HaCaT cells (105 cells per well) were seeded and cultured 24 h on 96-well plates. In each well, 100 µL of 10% test serum cocktail were pipetted onto the cells, which were then incubated for 48 h. Cell viability was assayed with 3-[4,5-dimethylthiazol-2-yl]-2-5-diphenyl tetrazolium bromide (MTT) according to the manufacturer’s instructions (Sigma-Aldrich). The number of living cells, evaluated via mitochondrial dehydrogenase activity, was measured with a Victor3 V 1420 Multilabel Plate Counter (PerkinElmer) at a wavelength of 544 nm. Assays were performed in triplicate and mean values were recorded.

Horizontal wound healing assay

Epithelial wound healing was investigated in vitro using an assay in which the wounds were made by plating the counted cells into commercial inserts (Ibidi GmbH, Munich, Germany) instead of scratching.

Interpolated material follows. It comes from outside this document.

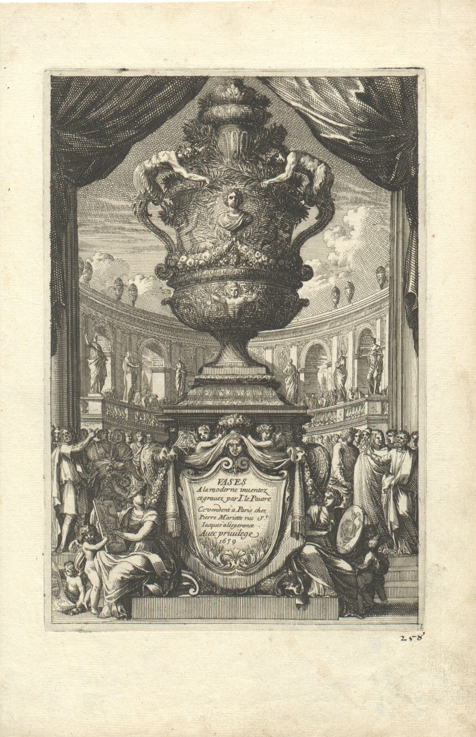 - Ein großes Gefäß, im Hintergrund eine figurale Darstellung, Titelblatt der Folge „Vases A la moderne inventez et gravez par I. le Pautre“, herausgegeben von P. Mariette (given title)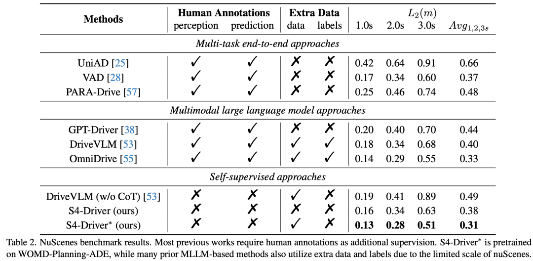 nuScenes 数据集:表 2 显示,S4-Driver 显著优于所有先前的算法。与现有方法不同,S4-Driver 不需要任何感知预训练或人类标注。这种自监督特性使得 S4-Driver 能够利用所有可获取的原始轨迹数据。

In the migration tests, 1 × 105 or 2 × 105 cells per well were seeded and cultured on a 24-well plate in culture inserts. The silicone insert was removed after 24 h of incubation so that the resulting cell patch was split into two parts separated by a 500 µm cell-free zone. Cell-culture medium was replaced with serum free medium supplemented with 1% test serum samples. After 0, 12, 24, 36, and 48 h of incubation, cell migration (reduction in wound surface area) was recorded with a digital inverted microscope (Evos fl AMF-4302, AMG Life Technologies, Carlsbad, CA, USA) and an in vivo microscope camera (ICX285AL monochrome CCD, Sony, Tokyo, Japan). The plates were incubated at 37 °C between measurements. Open-wound areas on the digital images were measured using ImageJ [33]. There were 4–8 wounds in each group. We calculated the mean value of the remaining cell-free area at each time point in every group as well as the percentage by which the initial gap width decreased at each time point.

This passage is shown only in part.